HADLEY, JOHN, M.D. (1731–1764), professor of chemistry at Cambridge, eldest son of Henry Hadley (brother of John Hadley, mathematician [q. v.]) and Ann Hoffman (?), was born in London in 1731, and entered Queens' College, Cambridge, in May 1749. He was fifth wrangler, was elected fellow of Queens' in January 1753, and proceeded B.A. in the same year, M.A. in July 1756, and M.D. in 1763. He became professor of chemistry in 1756, and published the 'Plan of a Course of Chemical Lectures,' 1758. He also wrote 'An Introduction to Chemistry, being the Substance of a Course of Lectures read two years successively at the Laboratory in Cambridge,' 1759; the manuscript is in possession of Professor Cumming of Cambridge. In 1758 he became F.R.S., and became, in 1760, assistant physician at St. Thomas's Hospital. In 1763 he was elected physician to the Charterhouse, and also became fellow of the College of Physicians. He died of fever at the Charterhouse 5 Nov. 1764.
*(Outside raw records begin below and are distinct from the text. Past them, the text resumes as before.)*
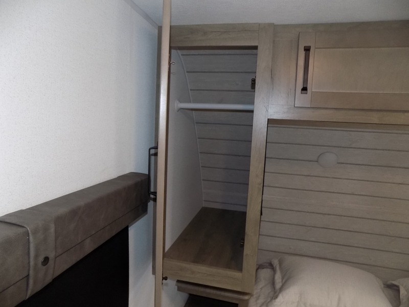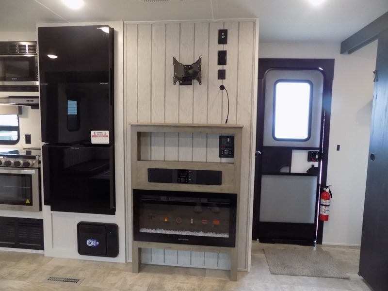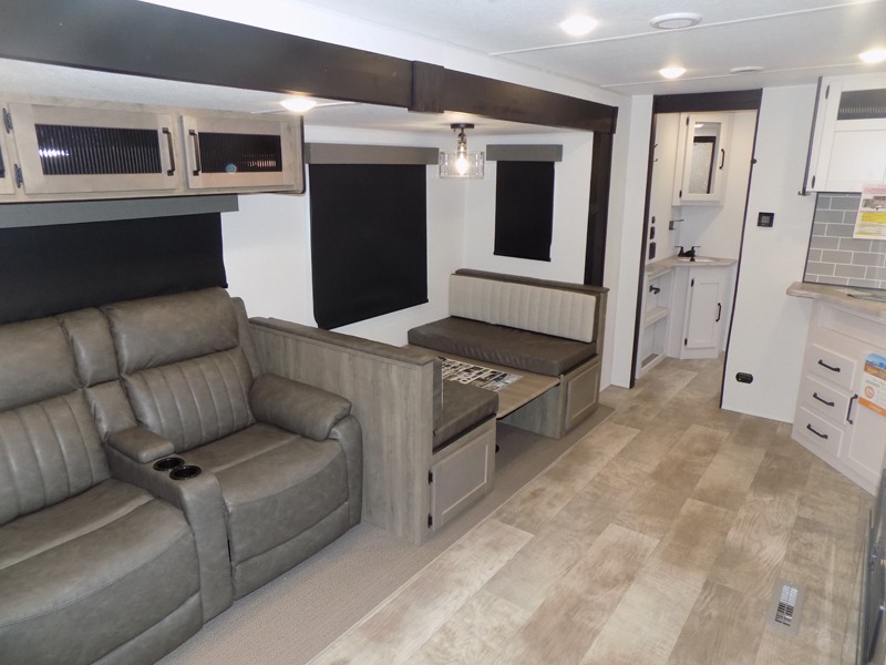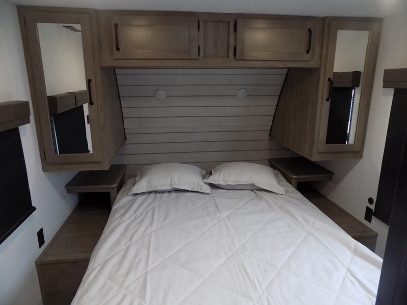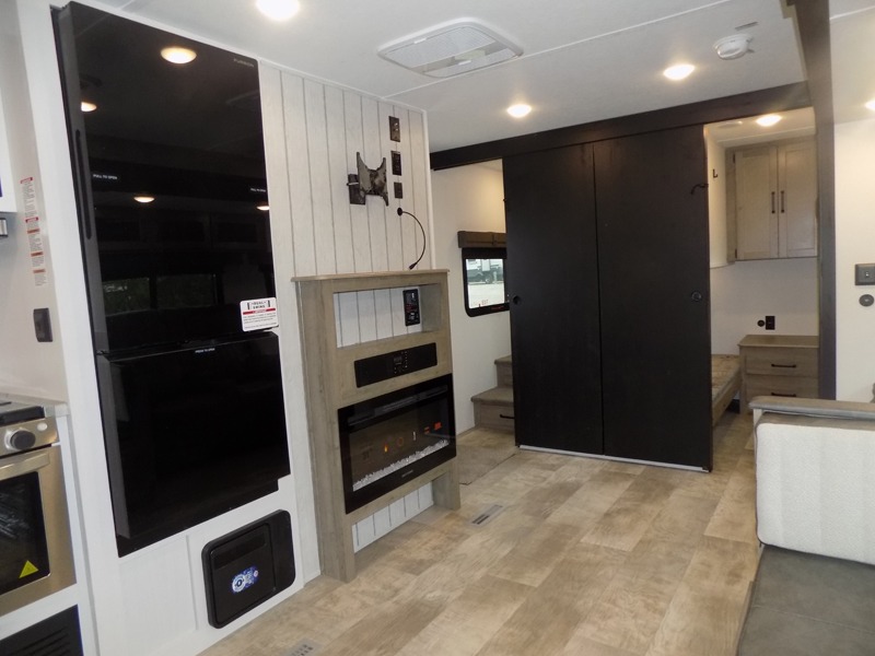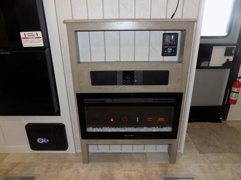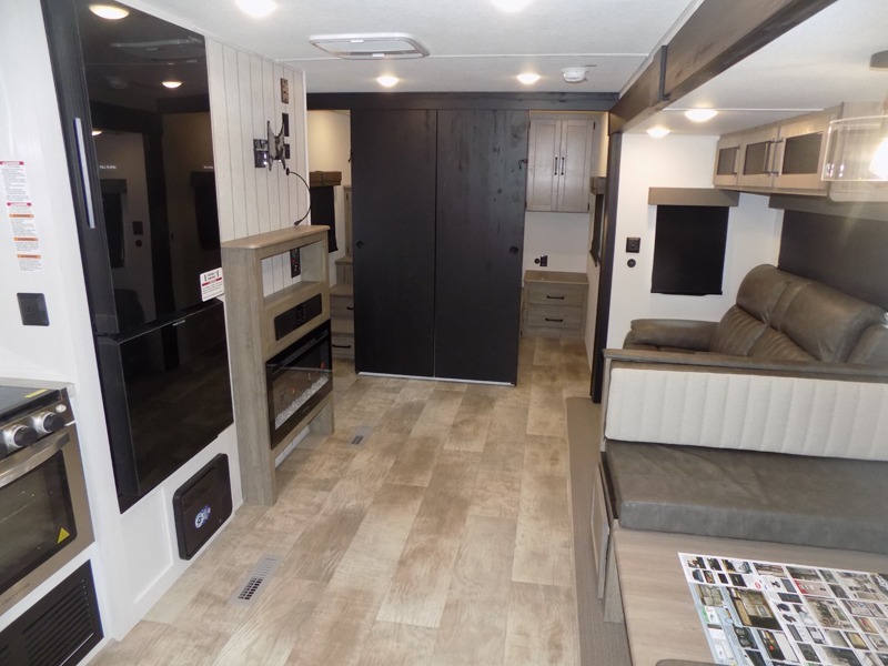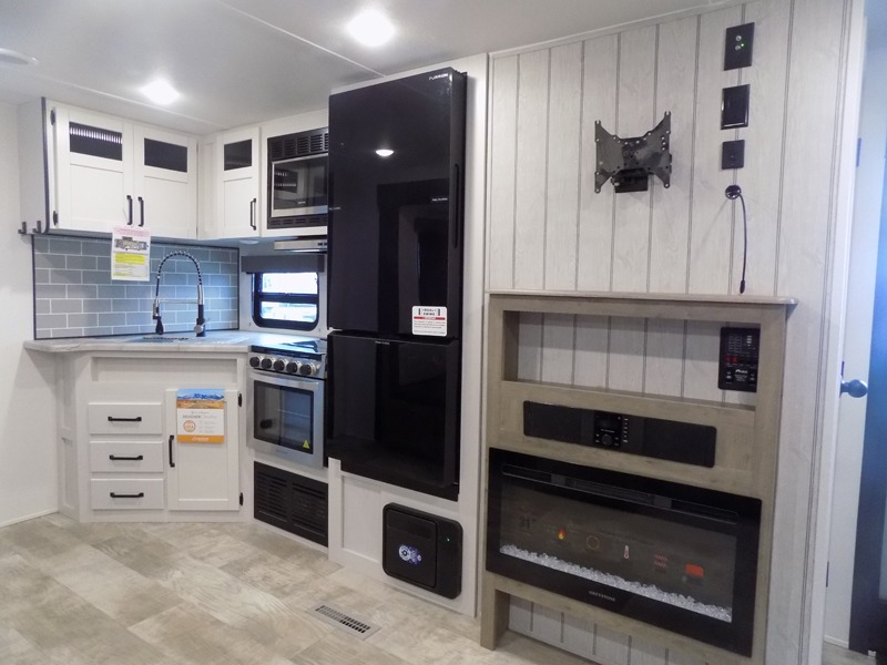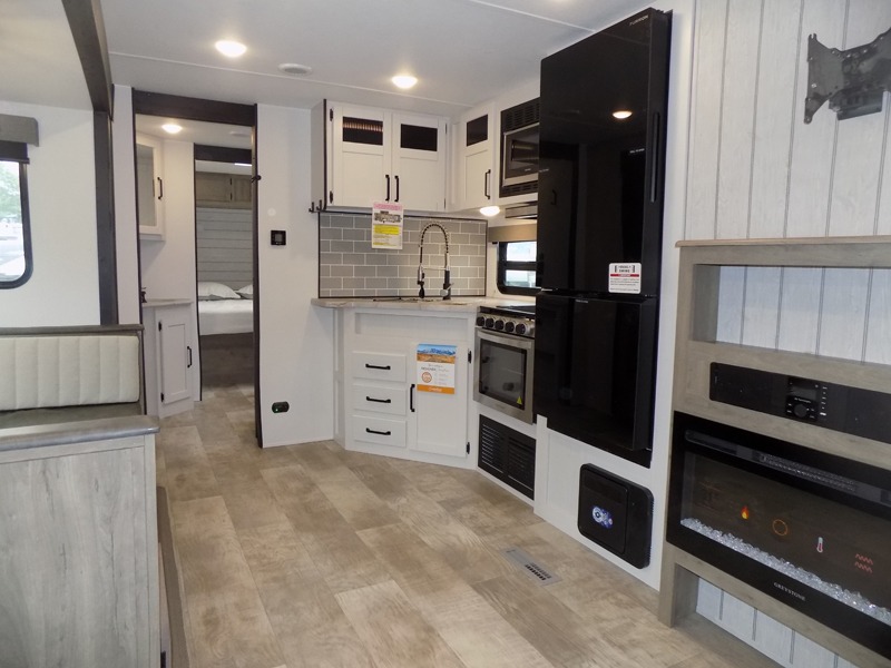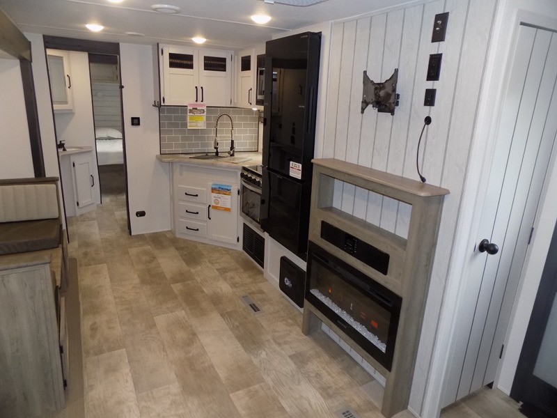This travel trailer is perfect for camping with a larger group of friends or if you have older kids since there are two private bunkrooms! Each room includes a bunk bed and storage space for clothes, shoes, and more. You'll enjoy your own space up front in the master bedroom that includes a queen bed, dual shirt closets, and one of the dual entry doors to the unit for added convenience. Everyone can come together in the combined living area and kitchen that includes a large slide out with a sofa and booth dinette, plus there is a fireplace to make this space feel more like home. A full kitchen inside lets you create home-cooked meals each day, and you can choose to add the optional micro kitchen with a griddle for a pancake breakfast outdoors!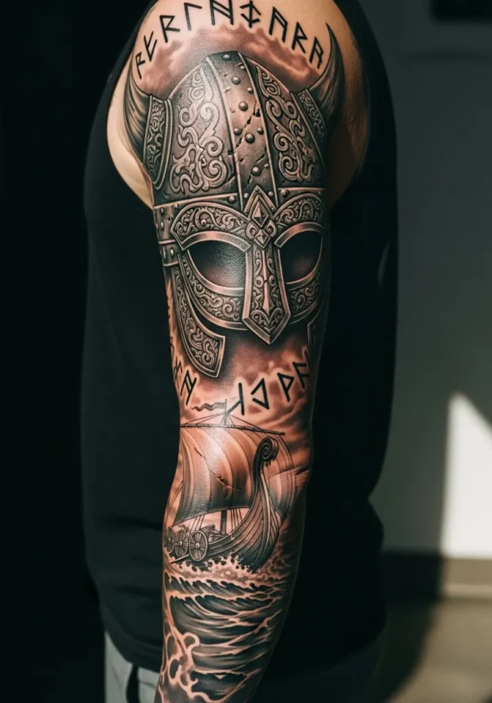 This dramatic sleeve showcases an intricately detailed Viking helmet surrounded by runes, with a longship sailing across stormy seas below. The grayscale tones give it a rugged and ancient look, while the careful shading adds incredible realism. The overall flow connects every element perfectly from shoulder to wrist.
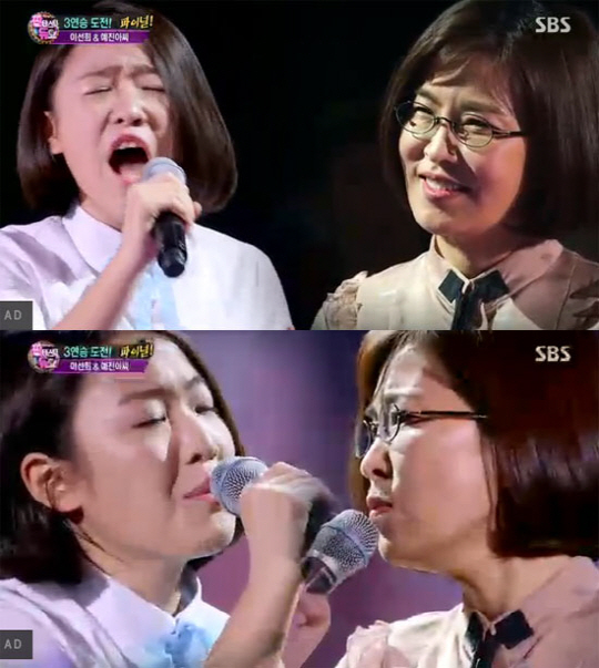 3연승에 도전하는 이선희와 예진아씨는 패티김의 '이별'로 호흡했다. 무대에 앞서 너무 긴장을 하는 예진아씨를 위해 가벼운 스킨십으로 긴장을 풀어 준 이선희의 배려에 예진아씨는 "곡은 이별이지만 이별하지 않도록 열심히하겠다"는 각오를 다졌다.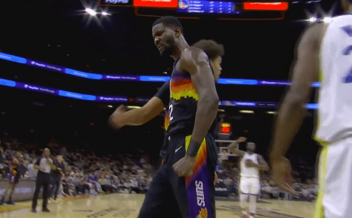 下半场比赛开始后,卢尼打到克劳德的脸部领到一级恶意犯规,但是克劳德出现了两罚不中,艾顿跳投命中,打了4分钟时间,勇士就得到了这3分,太阳取得了5分的领先,格林连续得分,卡梅隆-约翰逊三分命中,布里奇斯抢断暴扣得手,太阳将领先优势扩大到了9分,维金斯打成2+1回应,普尔延续了上半场的出色发挥,他连续得分,随后防守端上演精彩盖帽,反击回来助攻佩顿二世暴扣得手,两队再次进入拉锯战,最后时刻库里重新回到场上,他命中一记三分球后再次下场,三节打完太阳领先2分。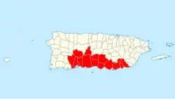 - ^ a b Plan de Uso de Terrenos de Puerto Rico: Perfil Regional - Region Sur. Archived 2012-04-26 at the Wayback Machine Estado Libre Asociado de Puerto Rico. Junta de Planificacion. Oficina del Plan de Uso de Terrenos. Borrador Preliminar. February 2006. Page 15. Retrieved 1 December 2011.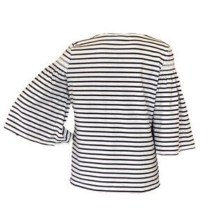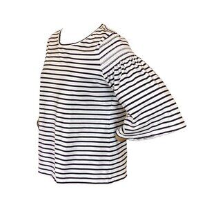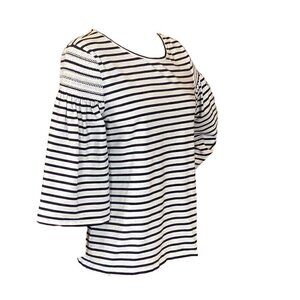 Description: Chico's Breton Stripe Stretch Knit Top with Smocked Shoulder Accent and 3/4 Bell-Flared Sleeves and round neckline, Cotton, Spandex, Machine Washable.
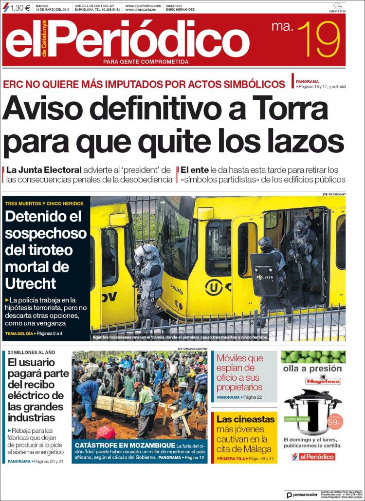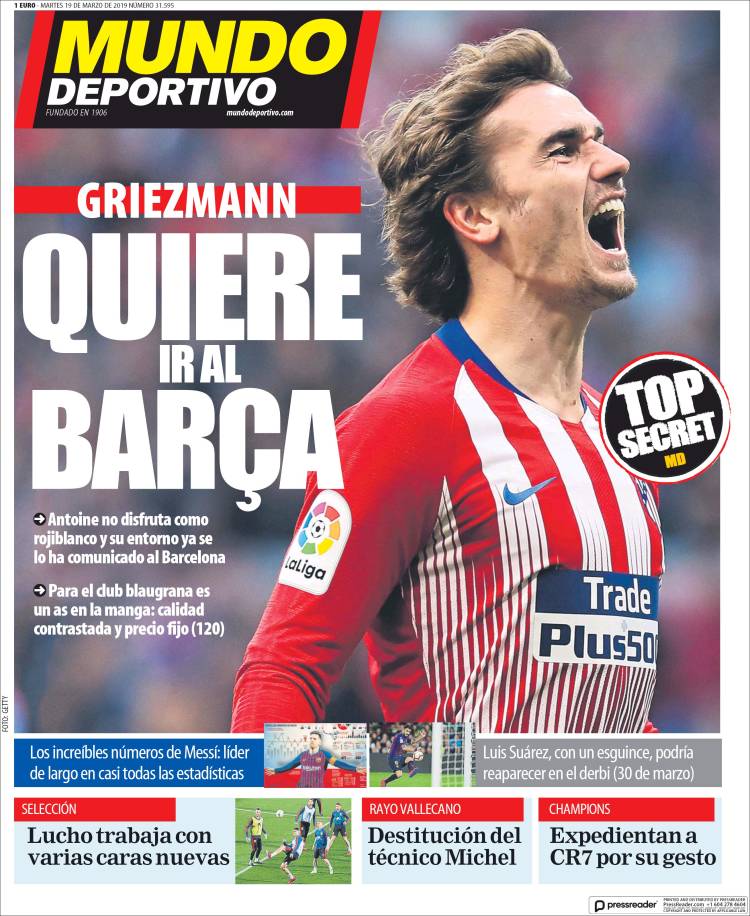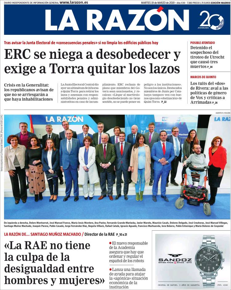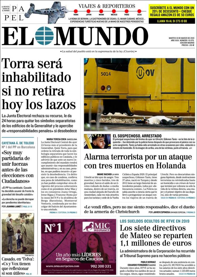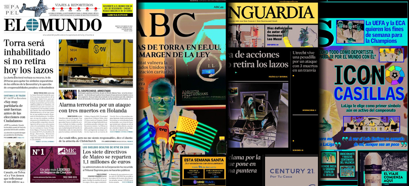 Portadas de los diarios El Mundo, El País, ABC, La Razón, La Vanguardia, El Periódico, CincoDías, El Economista, Marca, As, Mundo Deportivo y Sport..

The fifty-fourth volume of the 'Philosophical Transactions' contains an account, which Hadley drew up, of 'a mummy inspected in London in 1763,' communicated to Dr. William Heberden. This paper was read 12 Jan. 1764, and on 2 Feb. 'he presented to the society an elegant drawing of the left foot of the society's mummy, the sole of the foot, with the bulbous root applied to it, being presented to the view.' He is mentioned in the 'Gentleman's Magazine' (1814, pt. i. p. 427) as an intimate friend of the poet Gray. Dr. Plumptre, president of Queens' College, in recording the vacancy of the fellowship caused by his death, adds: 'He was an ingenious, worthy, and agreeable man, and died much lamented by all that knew him.' There is a portrait of Hadley, engraved after his death in mezzotint by Fisher, from a painting by B. Wilson, dated 1759.

[A Biographical Account of John Hadley, esq., V.P.R.S., the Inventor of the Quadrant, and of his brothers George and Henry (no date); Munk's Coll. of Phys. 1878, ii. 259.]